- What the task requires -
Here, the job is to give back every entry below unchanged, omitting pictures.

(Stored items)
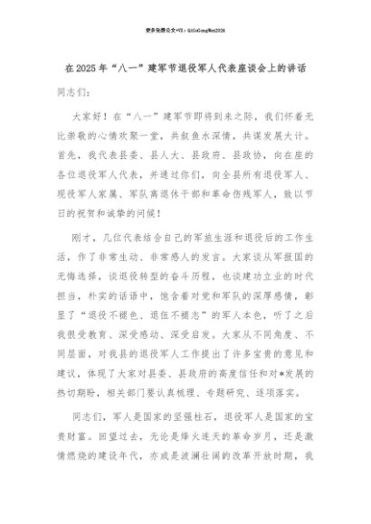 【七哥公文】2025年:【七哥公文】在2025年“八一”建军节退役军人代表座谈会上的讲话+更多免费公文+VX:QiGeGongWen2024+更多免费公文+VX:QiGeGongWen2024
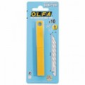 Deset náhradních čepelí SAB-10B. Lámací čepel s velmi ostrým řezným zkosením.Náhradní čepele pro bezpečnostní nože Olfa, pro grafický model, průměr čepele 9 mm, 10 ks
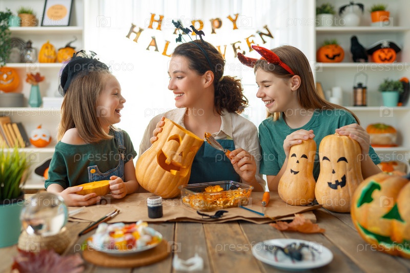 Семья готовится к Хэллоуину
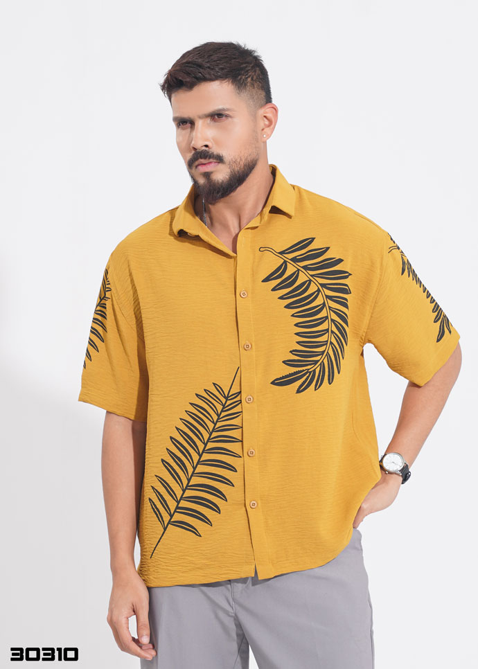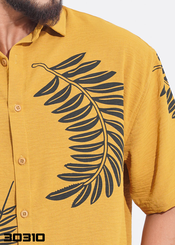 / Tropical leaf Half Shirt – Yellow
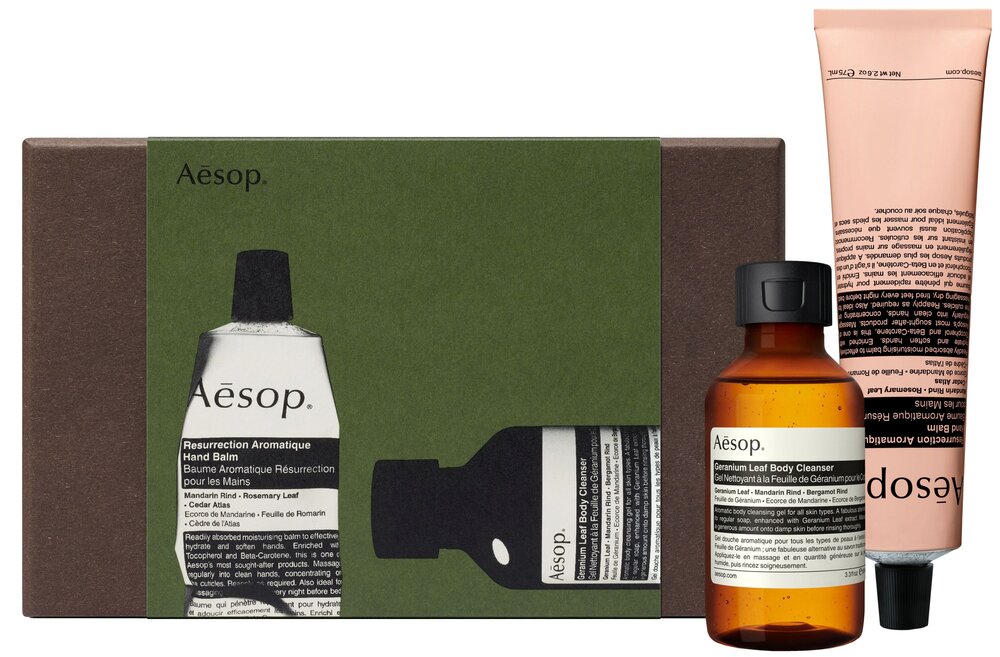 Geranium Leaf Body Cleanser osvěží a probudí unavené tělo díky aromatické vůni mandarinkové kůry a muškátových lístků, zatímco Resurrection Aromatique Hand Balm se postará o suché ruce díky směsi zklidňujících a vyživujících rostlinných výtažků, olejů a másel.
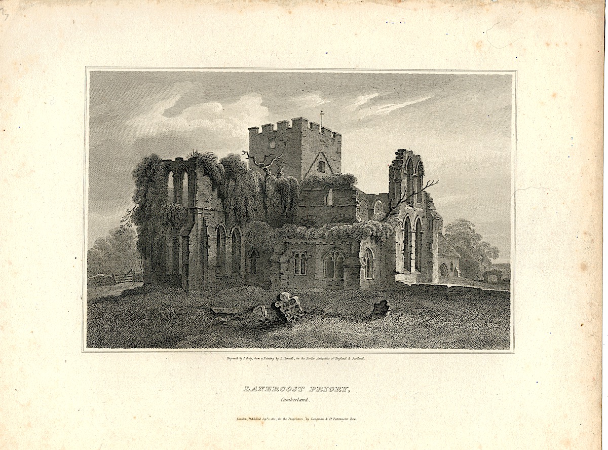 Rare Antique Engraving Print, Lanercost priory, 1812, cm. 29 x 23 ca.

- Task result -
 【七哥公文】2025年:【七哥公文】在2025年“八一”建军节退役军人代表座谈会上的讲话+更多免费公文+VX:QiGeGongWen2024+更多免费公文+VX:QiGeGongWen2024
 Deset náhradních čepelí SAB-10B. Lámací čepel s velmi ostrým řezným zkosením.Náhradní čepele pro bezpečnostní nože Olfa, pro grafický model, průměr čepele 9 mm, 10 ks
 Семья готовится к Хэллоуину
 / Tropical leaf Half Shirt – Yellow
 Geranium Leaf Body Cleanser osvěží a probudí unavené tělo díky aromatické vůni mandarinkové kůry a muškátových lístků, zatímco Resurrection Aromatique Hand Balm se postará o suché ruce díky směsi zklidňujících a vyživujících rostlinných výtažků, olejů a másel.
 Rare Antique Engraving Print, Lanercost priory, 1812, cm. 29 x 23 ca.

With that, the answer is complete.